Studies worldwide have shown that high-dose rifampicin beyond rifampicin 20 mg/kg, especially R35, is safe, well-tolerated, and provides the highest adjusted HR of 2.04 with respect to time to stable culture conversion at week 8 [7, 8, 17]. The HICON-R trial is a phase IIb RCT working to address the safety, tolerability, and efficacy of an intermediary high rifampicin dose between R10 and R35, namely R25, in the treatment of drug-sensitive PTB. The reason for choosing R25 is that no clinical trial data on high-dose rifampicin R25 were available in India and globally during the start of this trial, and the expectation is that R25 could be less hepatotoxic and could yield week 8 and end-of-treatment aHR/percentage of culture conversion close to R35. Our results proved that to be true with respect to hepatotoxicity and time to culture conversion.

On comparison between R10 and the high-dose R25/R35 arms, even though the overall grade 3/4 toxicity was comparable, R35 but not R25, had significantly higher grade 3/4 hepatotoxicity, hyperbilirubinemia, clinical jaundice, and treatment interruptions. This is in contrast to findings of Boeree et al. [17], which showed that R35 had comparable level of hepatotoxicity with R10. When we analyzed the Cmax data, we found that 37% of patients in R35 showed supratherapeutic levels of rifampicin compared with only 7% in R25, whereas there is not much change in the Cmax of pyrazinamide and isoniazid. (manuscript in preparation). This is in line with Boeree et al. [7], who showed more than a proportional increase of peak concentration with increasing doses of rifampicin. This might be one of the reasons for higher hepatotoxicity observed in the R35 arm.

We analyzed the adjusted HR for time-to-culture conversion to know the ability of the experimental arms to potentially shorten the treatment duration.

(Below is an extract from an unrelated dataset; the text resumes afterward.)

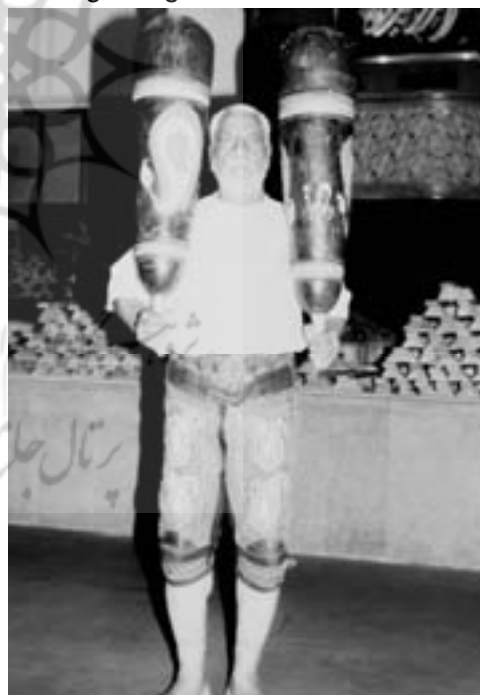
Figure 17. Meel Geireftan (club exercise).

their clubs in a ready position: upside-down and with the hands held in front of the body, waist-height, elbows held close at the sides. With second signal from the Morshed, the actual exercise with the Meels begins. The exercise, similar to the previous one, is done in different forms, from easy to heavier and more complicated in terms of the skill and the energy expenditure requirements. In this exercise, the athletes turn the Meels around their shoulders alternately and in a balance, continuous and circular fashion until the Morshed gives the top signal. This step of the session is designed primarily for strength and power training of the upper body muscles. Also, it contributes to flexibility and muscular endurance of the shoulders, arms and hands of the athletes (see Figure 17).

With our m-ITT population, the aHR in MGIT for R25 is closer to R35 from the eighth week to the end of treatment. The adjusted value of HR seen in our study at week-8 is slightly lesser than that seen with Boeree et al. [17]. This could be because of the difference in the factors used to adjust the HR. We have used well-defined clinical factors that influence the culture conversion during treatment [24]. Furthermore, our aHR at week 8 with solid media is better than MGIT-based aHR reported by Boeree et al. [17]. The aHR values calculated beyond 8 weeks have not shown any major change in our experimental arms, because 90% of our patients have got converted at eighth week time point itself. Even though the conversion rate is faster in R35, the burden of handling hepatotoxicity cases in R35 will be more in the field conditions compared with R25 and R10.

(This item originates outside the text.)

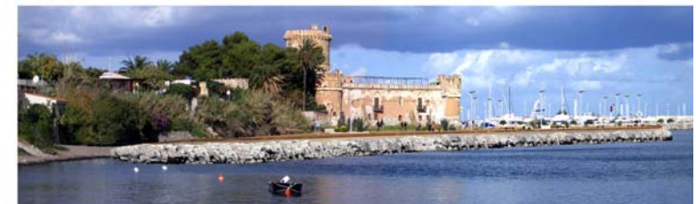
POST OPERAM VIEW
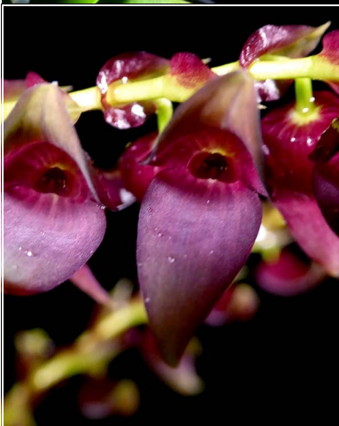
Stelis purpurea open for early risers.

The faster culture conversion in both experimental arms seen with both liquid and solid media is similar to a scenario observed in a well-designed large trial such as ReMoxTB assessing culture conversion with new regimens based on moxifloxacin [5]. This is also reflected in our Kaplan-Meier time-to-culture conversion curve analyses from both media, where R25 showing closely tethered conversion curve pattern with R35. Also, we did not observe any significant level of grade 3/4 adverse events in the continuation phase. In line with other studies [17, 25], our current sample size used in this trial for assessing grade 3 and 4 toxicity, is adequate to detect HR of 1.8 in our well-characterized cohort. Hence, our findings on HR are of valid importance.

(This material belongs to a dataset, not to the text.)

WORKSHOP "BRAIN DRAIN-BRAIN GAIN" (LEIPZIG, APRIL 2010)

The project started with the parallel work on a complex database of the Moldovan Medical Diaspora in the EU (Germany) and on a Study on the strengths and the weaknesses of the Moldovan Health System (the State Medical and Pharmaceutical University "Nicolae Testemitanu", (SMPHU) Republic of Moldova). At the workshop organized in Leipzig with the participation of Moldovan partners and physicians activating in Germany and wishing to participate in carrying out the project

In comparison to the 4-month rifapentine and moxifloxacin-containing regimen recommended recently by World Health Organization guidelines for drug-sensitive PTB [2, 26], the R10 and R25 arms used in our study showed lesser percentage of overall grade 3 or higher level of toxicity, but at the same time registered significantly higher culture conversion rates during IP. Besides, the use of R25 will provide an option to reserve moxifloxacin, which is an integral component of drug-resistant TB regimen. So, our findings are in favor of R25 rather than R35 in promoting the desired treatment-shortening potential in a safer way with uncompromised efficacy. This has field implications in terms of easiness of toxicity management and an easily scalable option in high-burden countries where rifapentine use is currently limited or its safety is not well established. Our study has few limitations. The open-label design of the trial along with knowledge of effects of high-dose rifampicin might have had an impact on overreporting of AEs in high-dose arms. To avoid such an impact, the trial team was trained in such a way that all participants regardless of the study regimens were closely monitored for occurrence of AEs and were notified and managed appropriately per the protocol. The power used in the study will not be sufficient to differentiate between the experimental regimens, but only between individual experimental and the control arm. Furthermore, we have not evaluated the long-term cost efficiency of monitoring weekly liver function test in the field. The study was conducted only in Indian population and in patients without HIV.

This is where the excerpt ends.